В углу комнаты находилась низкая кровать, в которой полулежал старый человек с обветренным, исполосованным шрамами лицом. Вид у него был больной, и только в глазах еще горели воля и мужество.
Возле больного суетился старый лекарь, рядом с ним стояла знахарка.
– Приветствую вас, сэр Сорли Бой Макдоннелл! – проговорил гость, подходя к постели. – Рад видеть вас в добром здравии.
– Ты всегда любил пошутить, Эгмунт, но сейчас твое остроумие не очень уместно. Здравствуй, племянник. Хорошо ли ты добрался?
– Сейчас не самое время для вежливости, сэр Сорли. Вы хотели видеть меня – и я приехал, этим все сказано. Говорите, что я должен сделать.
– Ты – сын моей сестры, Маклафлин по имени, но Макдоннелл по крови.
– Это так, сэр Сорли.
– Значит, честь Макдоннеллов – это и твоя честь.
– И это правда.
– Ты знаешь, что случилось на острове Ратлин?
– Какой же ирландец не знает этого? Защитники замка сдались на милость победителей, но подлые англичане вырезали их всех, от мала до велика…
– Я умираю…
– Вы еще выкарабкаетесь, сэр!
– Не перебивай меня! – старик нахмурился. – Не перебивай и не спорь со мной! Я умираю и не смогу отомстить этим собакам. Ты должен сделать это за меня.
– Я почту это за честь!
– Многие из нашего клана готовы принять бремя этой мести, но мой выбор пал на тебя. Во-первых, ты сильный и опытный воин, во-вторых, не все знают о твоем родстве с Макдоннеллами.
– Я сделаю что должно, сэр!
– Я не сомневаюсь в твоих намерениях, но хватит ли у тебя сил?
– Вы знаете мой девиз – делай что должно, и будь что будет.
– Прекрасный девиз, но я хотел бы умереть, зная, что защитники Ратлина отмщены.
– Я сделаю…
– Подожди! – Старик поднял слабую руку. – Я дам тебе кое-что, что поможет тебе выполнить задуманное. Я дам тебе оружие, которому нет равных…
– Вы говорите о том самом клинке, который многие поколения хранится в вашей семье? О том клинке, который получил Томас Лермон от королевы фей?
– Именно о нем.
– Но я думал, что этот клинок – легенда…
– Не более чем сам Томас-Рифмач, от которого мы, Макдоннеллы, ведем свой род.
– Я буду счастлив получить это оружие и выполнить ваш приказ, сэр!
– Я надеюсь, что у тебя все получится!
Старик приподнялся в постели и хлопнул в ладоши.

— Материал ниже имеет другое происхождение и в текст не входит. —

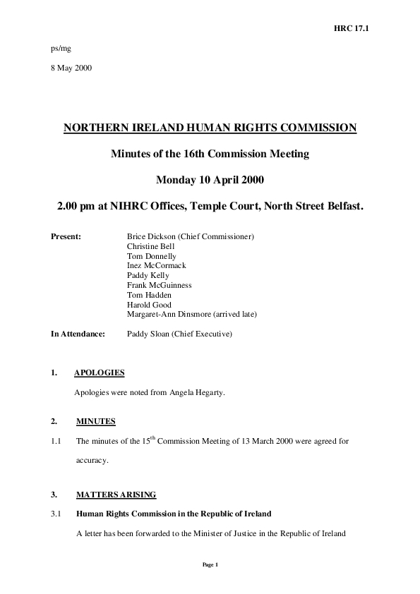 Minutes of the 16th Commission Meeting, held on 10 April 2000.
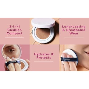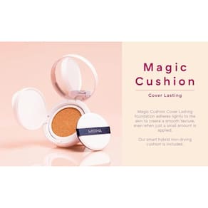 Capa de almofada M Magic, aderência duradoura, hidratação aprimorada. Aderência, cobertura, atualização duradoura. O pó Magic Fit é colocado em camadas limpas na parte superior. De longa duração sem escurecer, como se você tivesse acabado de se maquiar. O extrato vegetal dá uma aparência fresca e suave sem ressecar a pele. Enxugar levemente a esponja 1 a 2 vezes é suficiente para cobrir todo o rosto! Mesmo depois de vários usos, ainda há produto suficiente na esponja. Você não precisa virar tanto as laterais da esponja. Após o uso, a esponja não endurece, por isso fica sempre fresca.
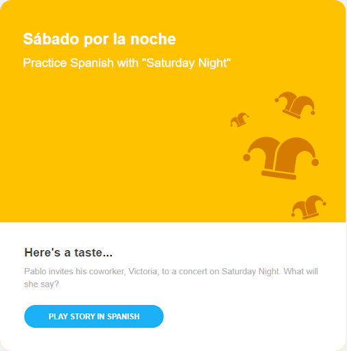 This upsell email is by Duolingo, featuring their interactive ‘Stories’ feature. It is sent to people who downloaded the Duolingo app. The email features a taste of the feature, which is a lesson centered around telling a story. This should provide an effective means of teaching a new language.
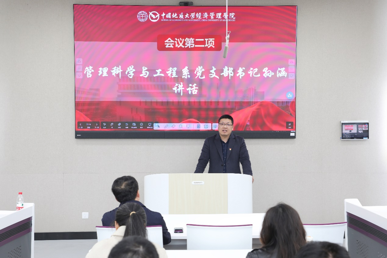 管理科学与工程系党支部书记孙涵表示,在学院党委的领导下,在学科建设、教育教学、科学攻关、管理服务等工作中涌现出了一批能充分发挥党员先锋模范作用的先进党员,为全院师生党员做出了模范表率。他讲到,作为一名教工党支部书记需要进一步加强理论武装,在常学常新中加强理论修养,在真学真信中坚定理想信念,在学思践悟中牢记初心使命,在知行合一中主动担当作为,在教书育人中深度融合“课程思政”,为培养学界标兵、政界楷模、商界精英而不懈奋斗!
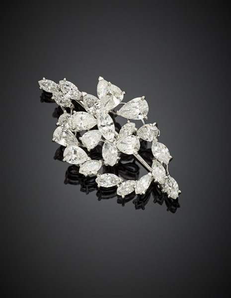 Broche in oro bianco con diamanti a goccia e navette per complessivi ct. 6,50 c
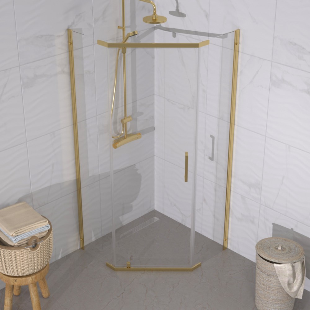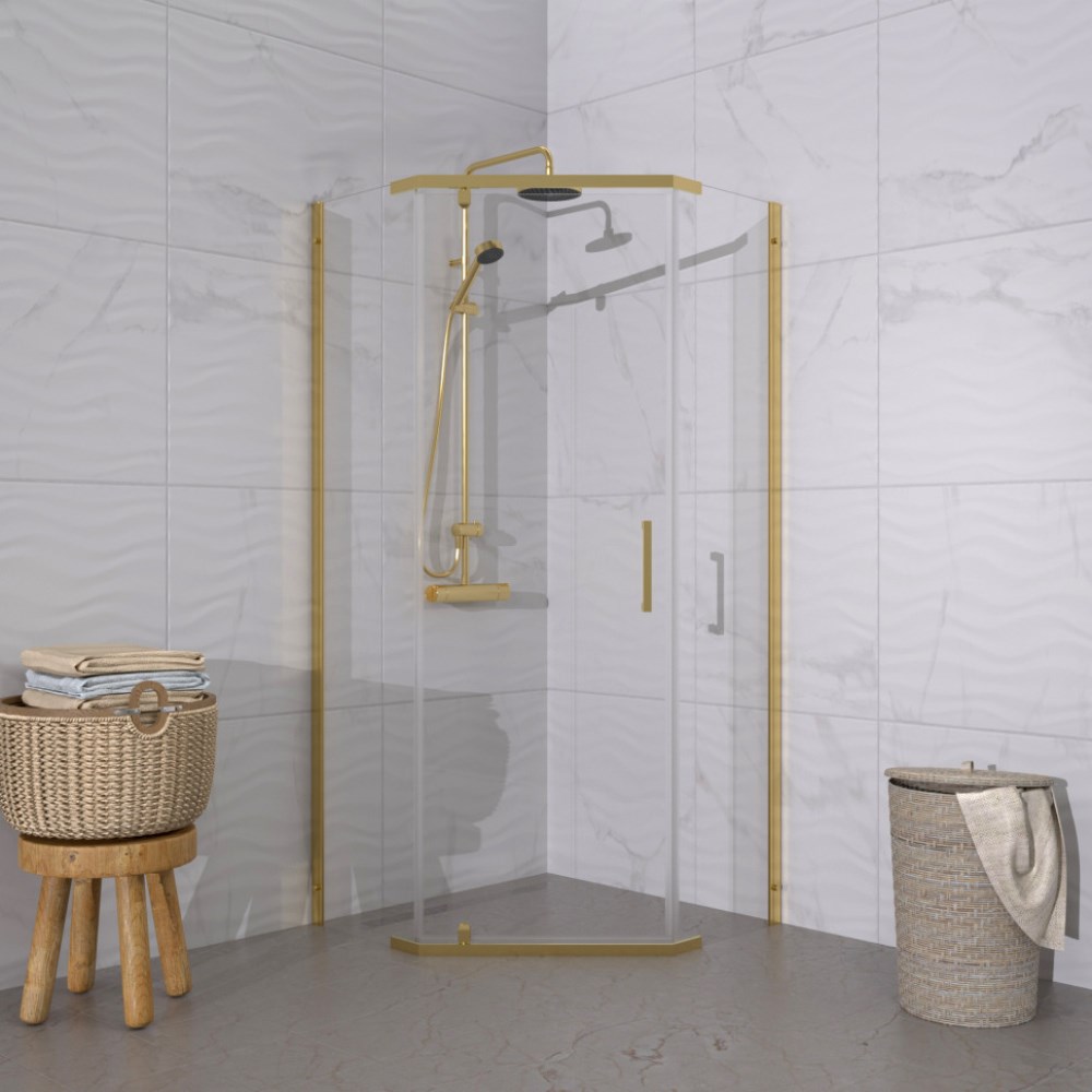 Душевой уголок Triton Дека имеет размер 100х100см. Форма — пятиугольная, цвет профиля — золотой, исполнение полотна двери — прозрачное. Конструкция состоит из 3 секций: 2 неподвижных и 1 распашная. Устанавливается в облицованный кафелем угол ванной комнаты на поддон.
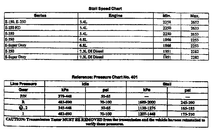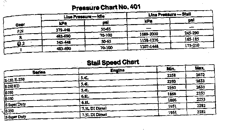 E4OD 4-spd A/T, Pressure Chart/Stall Speed:
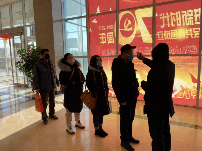 物產(chǎn)化工黨支部黨員堅(jiān)守防控工作一線,做好體溫測(cè)量和消毒工作。?

Хотя его хлопок был негромким, тут же в комнате появилась, словно возникла из воздуха, невысокая седая женщина.
– Пэтти, – обратился к ней старик, – принеси мне то, что я тебе поручил.

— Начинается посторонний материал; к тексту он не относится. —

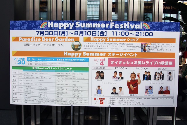 7月30日〜8月10日までの期間限定で秋葉原UDXに、HappySummerFestivalとして、ステージイベントや、ハワイアンショップが設置されていました。
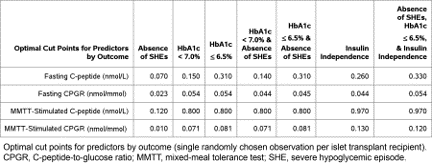 Predictive Value of C-Peptide Measures for Clinical Outcomes of β-Cell Replacement Therapy in Type 1 Diabetes: Report From the Collaborative Islet Transplant Registry (CITR)
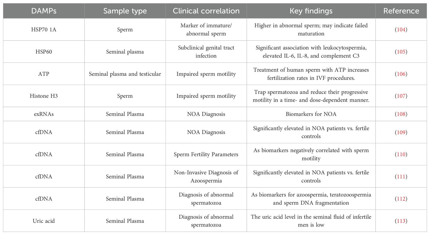 Inflammation, along with various forms of cellular stress and damage, can significantly impact male reproductive processes, including spermatogenesis (100), sperm maturation (101), and fertilization (102). The presence of these stressors in the male reproductive tract often leads to the release of DAMPs. DAMPs play crucial roles in spermatogenesis, sperm maturation, and fertilization. Research has demonstrated the involvement of various DAMPs in different regions of the male reproductive tract, impacting these critical processes (103). Clinically, the levels of specific DAMPs have been established as valuable biomarkers, reflecting distinct infertility phenotypes (Table 2).
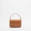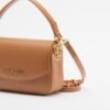 Camel Love Moschino handbag in synthetic leather with a grained effect. Gold Love Moschino lettering on the front and logo detail on the side.
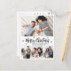 Elegant, Modern Black and White 4 Photo Collage Merry Christmas Script Holiday Postcard. TThis festive, mimimalist, whimsical four (4) photo holiday card template features a pretty photo collage, some snowflake and says Merry Christmas! The „Merry Christmas” greeting text is written in a beautiful black hand lettered typography font type on white colour background. Pretty greeting postcard for your family and friends in this Christmas and Holiday season.
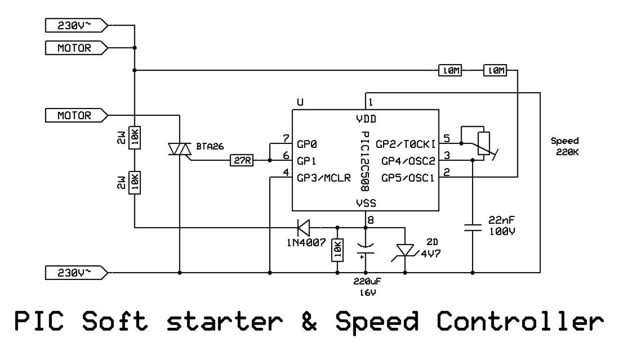 +1 az előttem felszólaló véleményéhez. Az a cucc annyit csinál, hogy fázis állapottól függően nyit / nem nyit a félvezető, és a teljes 230-nak kvázi csak egy kicsi részét engedi rá a motorra, annak folytán aztán kevésbé dolgozik. Sima analóg kapcsolással is meg lehet csinálni ugyan azt. Például van a linken egy conrád cucc a termék adatlapokkal együtt: Bővebben: Link
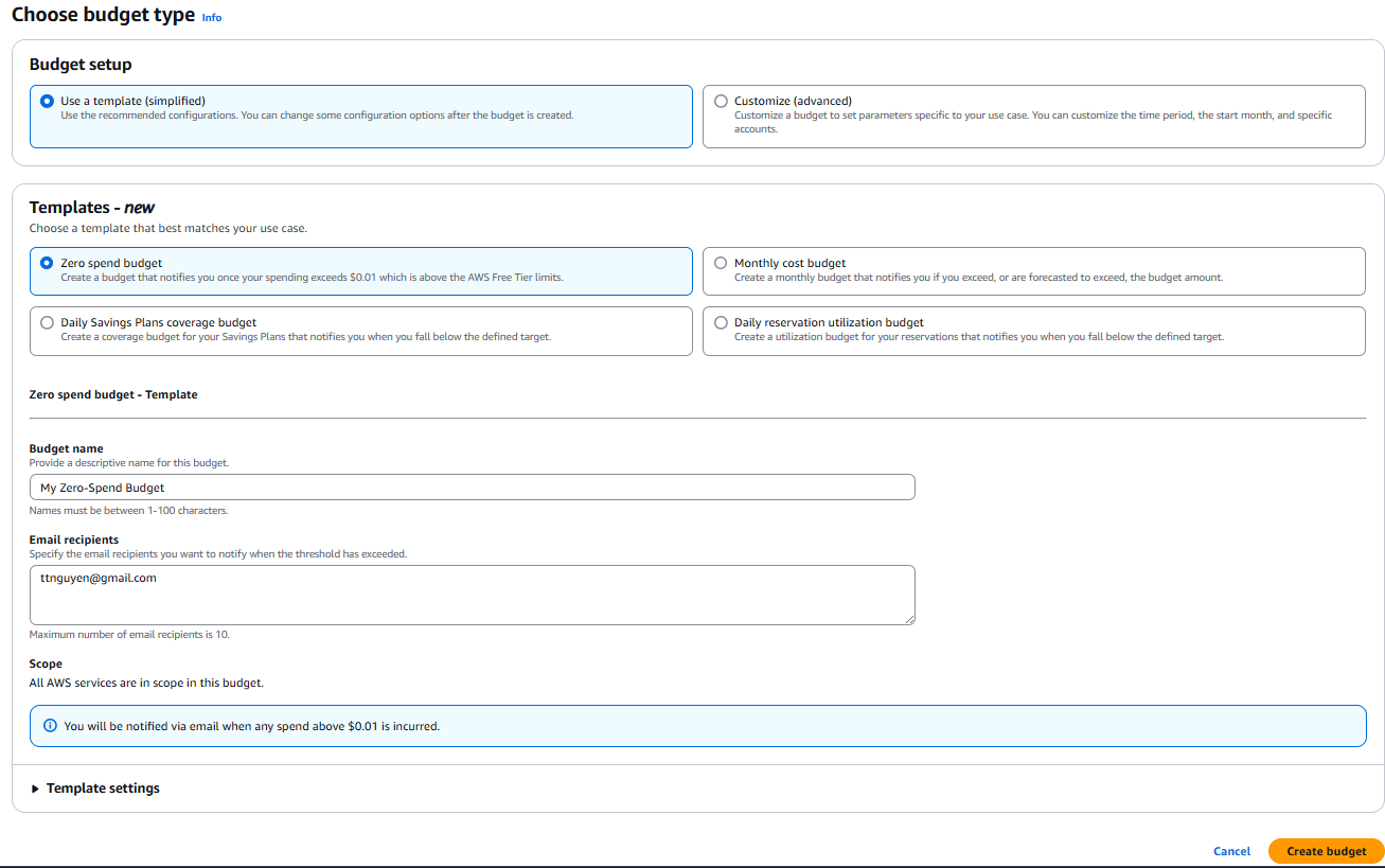 - Zero spend budget: Ngân sách này giúp bạn nhận thông báo ngay khi có chi phí vượt quá 0,01 USD. Mẫu này rất hữu ích để đảm bảo bạn không vượt quá giới hạn sử dụng miễn phí (AWS Free Tier).

Женщина взглянула на гостя и сказала:
– Ты никак малец Ламии?
– Да, леди, она была моей матерью.
– Ты очень похож на нее. И ты здорово вырос с тех пор, как я видела тебя последний раз.

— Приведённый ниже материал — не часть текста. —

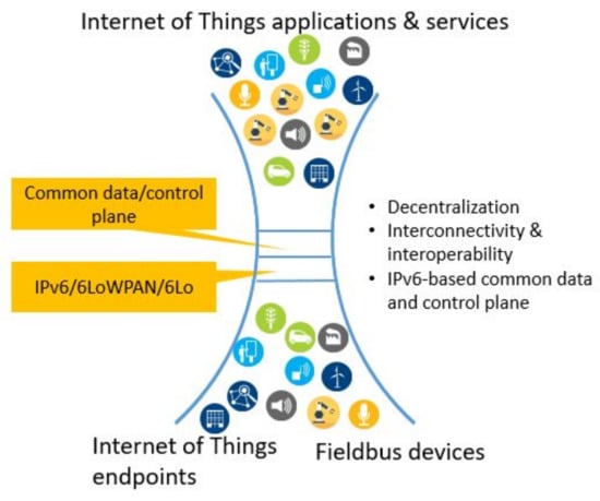 Convergence towards a common IPv6-based data and control plane connecting Internet of Things (IoT) endpoints and fieldbus devices with decentralised applications and services.

Затем она повернулась к старику и проговорила:
– Думаешь, он справится?
– Если не он, то кто же?
Женщина кивнула и вышла, чтобы через несколько минут вернуться, неся в руках большую арфу.
– Вы говорили о клинке, сэр… – разочарованно протянул гость.
– Он знает, о чем говорил! – перебила его женщина.
Она поставила арфу на пол и ловким движением разделила ее раму на две части.
Внутри между этими частями обнаружился длинный клинок в ножнах. Женщина вынула клинок и протянула его старику в постели.
Тот вынул клинок из ножен и сказал:
– Подойди ко мне, Эгмунт Маклафлин!
Эгмунт подошел к кровати и опустился на одно колено.
– Нарекаю тебя своим сыном и наследником. После моей смерти ты станешь таном клана Макдоннелл. Вместе с этим титулом я поручаю тебе месть за предательски убитых членов нашего клана!
С этими словами он коснулся клинком плеча Эгмунта.
– Благодарю вас, сэр!
– Теперь возьми этот клинок. Он послужит орудием твоей мести.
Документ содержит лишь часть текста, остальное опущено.